From the definition of a definite integral as the limit of a sum,
evaluate $$\int_a^b\frac{1}{ x^2}dx$$
Step 1
To simplify working with $x^2$, divide the interval $[a,b]$ using variable length intervals: $$[a,b]=\bigcup_{j=1}^n\bigg[a+\frac{\sqrt {j-1}(b-a)}{\sqrt n}, a+\frac{\sqrt j(b-a)}{\sqrt n}\bigg]$$
Step 2
Now rewriting the integral to remove the lower limit ($0\leq a\leq b$) : $$\int_a^b\frac1{x^2}dx=\int_0^b\frac{1}{x^2}dx-\int_0^a\frac{1}{x^2}dx$$
Step 3
Dividing $[0,b]$ as described in Step 1:$$[0,b]=\bigcup_{j=1}^n\bigg[\frac{\sqrt {j-1}(b)}{\sqrt n}, \frac{\sqrt j(b)}{\sqrt n}\bigg]$$
Step 4
Using limit of a sum definition on $\int_0^b\frac{1}{x^2}dx$ :
(result can then be used for $\int_0^a\frac{1}{x^2}dx$)
$$\begin{align}
\int_0^b\frac1{x^2} &= \lim_{n\to\infty}\sum_{j=1}^n\bigg(\frac{\sqrt j(b)}{\sqrt n}\bigg)^{-2}\times \bigg[\frac{\sqrt j(b)}{\sqrt n}-\frac{\sqrt {j-1}(b)}{\sqrt n} \bigg] \\
&=\frac1{b}\lim_{n\to\infty}\sqrt n \times \sum_{j=1}^n\frac1{j}\big[\sqrt j – \sqrt {j-1}\big]
\end{align}$$
After this point, I can not seem to find a nice form of $\sum_{j=1}^n\frac1{j}\big[\sqrt j – \sqrt {j-1}\big]$ to work with. Any help would be appreciated.
Best Answer
We calcluate the limit (1) by squeezing it with lower and upper bounds which can be easily calculated using telescoping.

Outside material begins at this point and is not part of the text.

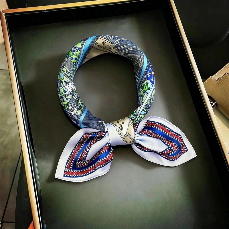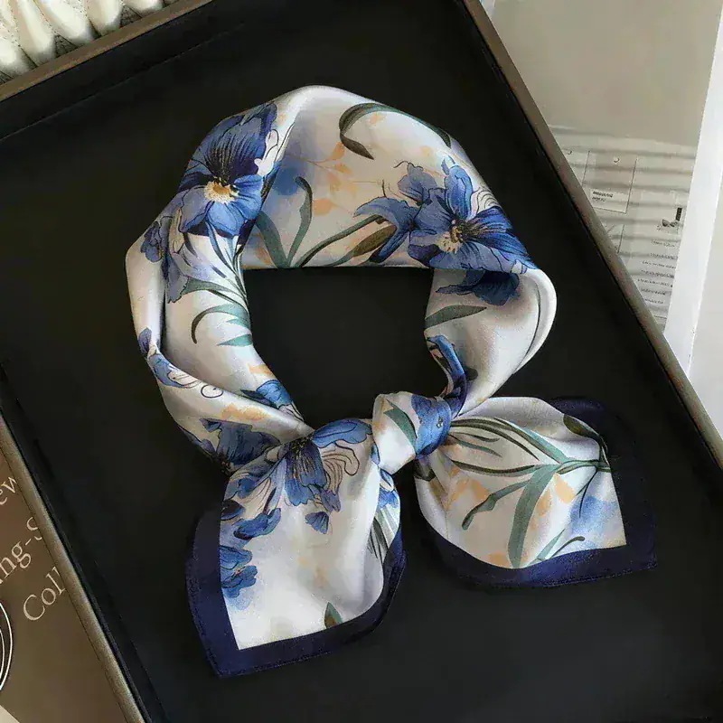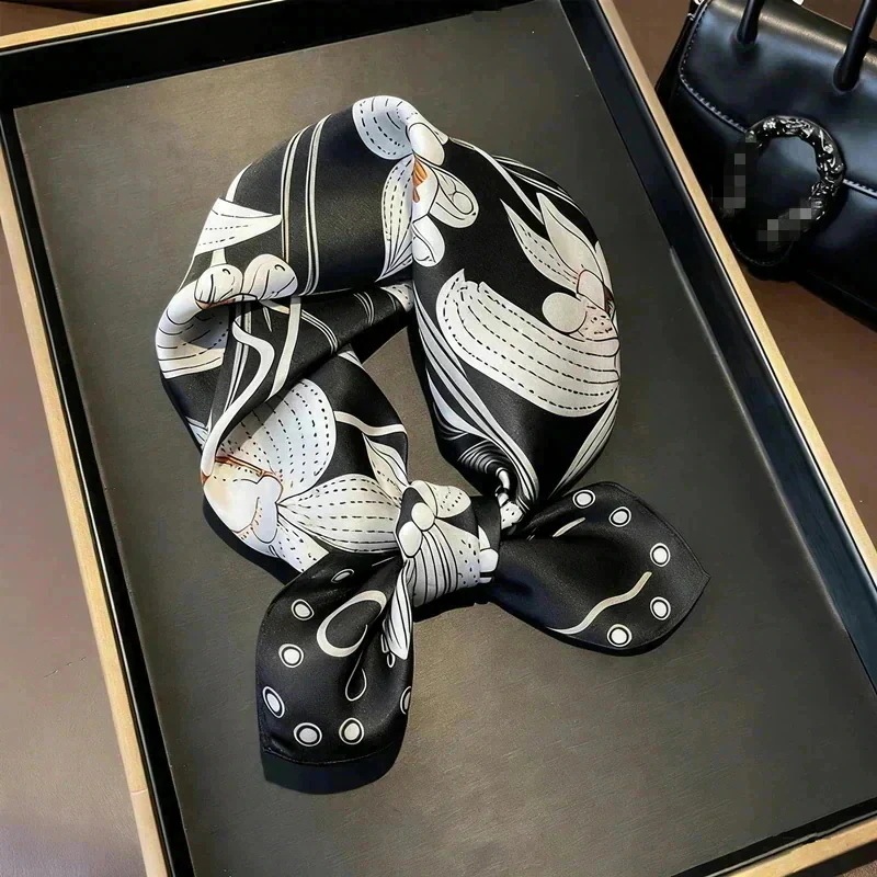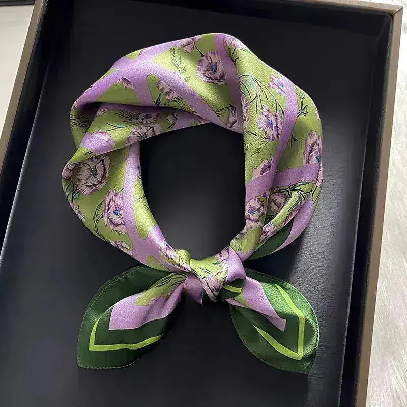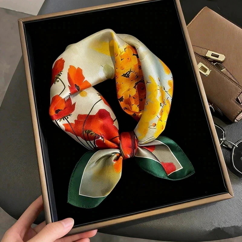 レディース メンズ シルク100% スカーフ 53cm 桑蚕絲 カキ フラワー プリント 春夏 ヘッドスカーフ として ギフト バッグアクセサリー

We consider the inequality chain \begin{align*} \frac{1}{\left(\frac{an}{b-a}+j\right)\left(\frac{an}{b-a}+j+1\right)} &\leq \frac{1}{\left(\frac{an}{b-a}+j\right)^2}\leq \frac{1}{\left(\frac{an}{b-a}+j-1\right)\left(\frac{an}{b-a}+j\right)}\\ \frac{1}{\frac{an}{b-a}+j}-\frac{1}{\frac{an}{b-a}+j+1} &\leq \frac{1}{\left(\frac{an}{b-a}+j\right)^2}\leq \frac{1}{\frac{an}{b-a}+j-1}-\frac{1}{\frac{an}{b-a}+j}\tag{2} \end{align*}
The left-most and right-most part admit telescoping which makes summation and taking the limit an easy job.